The man had a hat and a long, tentacle-like beard. He also had a lot of deformations of his body.

"Well, there goes Davy Jones." Jack sighed happily as he took the chest and walked away.

"Okay wait.. WHAT THE HELL ARE YOU DOING IN OUR FIC?" Saria yelled as Jack looked at him.

"Ah, little girl… I don't know, you opened that door for me." He replied as he walked away.

Still out of nowhere, Will Turner appeared and pointed his sword at him.

"Jack, give me the chest. I need it to save my father." He panted.

"No can do, William. I need it to save my soul." Jack coolly replied as Link and Saria watched the exchange in utter confusion.

"Please Jack. I don't want to hurt you." Will breathed with a determined glint in his eyes.

"I don't either. So just turn around and go back to your darling what's- her-face." He said, still acting all cool and relaxed.

"It's Elizabeth." Will breathed.

Suddenly, out of thin air like always, Elizabeth Swan appeared and ran for Jack.

"JACK!" she yelled as she threw her arms around his neck and kissed him deeply.

"WHAT THE F- IS GOIN' ON HERE?" Will yelled as Elizabeth kissed Jack even more, then suddenly let him go.

"There. Quickly Will! Grab the chest and lets go!" she pressed him as Jack looked down on him wrist. A shackle was wrapped around his wrist.

"CRAP! NOT THE 'I KISS YOU AND CHAIN YOU UP AT THE SAME TIME' TRICK AGAIN!" he stomped his foot as Will grabbed the Dead Man's Chest from his hands and ran away with Elizabeth.

"Crap… Hey kid, mind untying me?" Jack asked, motioning to Saria.

"Uh… Why not use lantern oil to slip that chain off?" she asked him.

"Because one, if I did that, the Kraken would pop out of nowhere and eat me. Two, I would, but I don't have a sword, and there are no lanterns with oil here…" he shrugged.

"Good point. Well, can't help you now, we're too small… I guess Author will get you out of there someday. BYE NOW!" Link said as he grabbed Saria and pulled her into a room.
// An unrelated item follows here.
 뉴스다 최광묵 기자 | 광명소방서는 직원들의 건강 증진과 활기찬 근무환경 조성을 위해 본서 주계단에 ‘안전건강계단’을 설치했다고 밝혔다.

"That was weird…" Saria commented when Link closed the door.

"Yeah… Wonder where Author is all this time…" Link said, looking around. Sam wasn't there.
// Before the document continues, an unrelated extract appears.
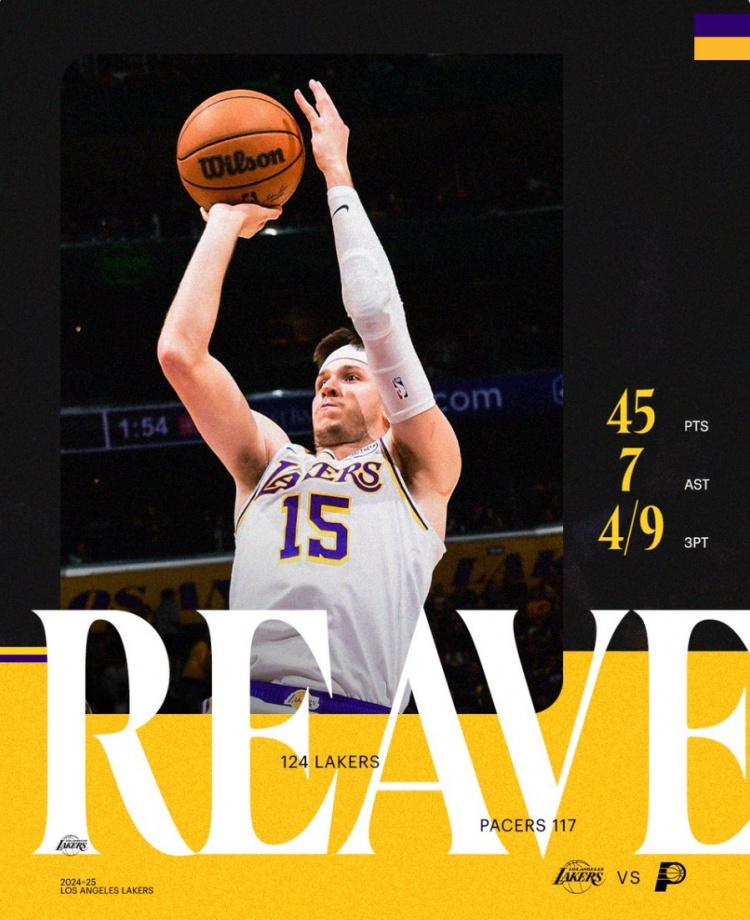 賽后,湖人官方曬出了贏球海報(bào),里夫斯榮登封面。

"Anyways…" Link coughed as another door appeared on the wall out of thin air, and it slammed open, with Edward Cullen from Twilight running out of it.

"BELLA! BELLA?" he screamed as he spotted Saria and Link.

"Wait a minute… I'm not in the Twilight world…" he muttered, looking around at the gloomy temple walls.

"Of course not. You're in the Legend of Zelda world. Go get your own fic." Saria said, frowning.

"Oh… Well… If you happen to see a young girl, please call me…" he muttered as he disappeared.

"Is he gone?"

Saria and Link turned around, curious to see who it was this time.

"Is he gone?" a girl repeated as she got down from the ceiling.

"How did you hide up there? That's against the laws of physics!!" Link argued.

"I don't know. Seems that Author hadn't taken Physics courses yet." She shrugged.

"Hey. I'm Bella. A few days ago, I moved into this town where I met this guy who saved my life, but turns out he's a vampire, so help me." The girl said.

"Oh! You're the Bella that guy was looking for?" Link asked.

"Who? Edward? Yeah, he probably wants to give me to his little… friends…" Bella shrugged.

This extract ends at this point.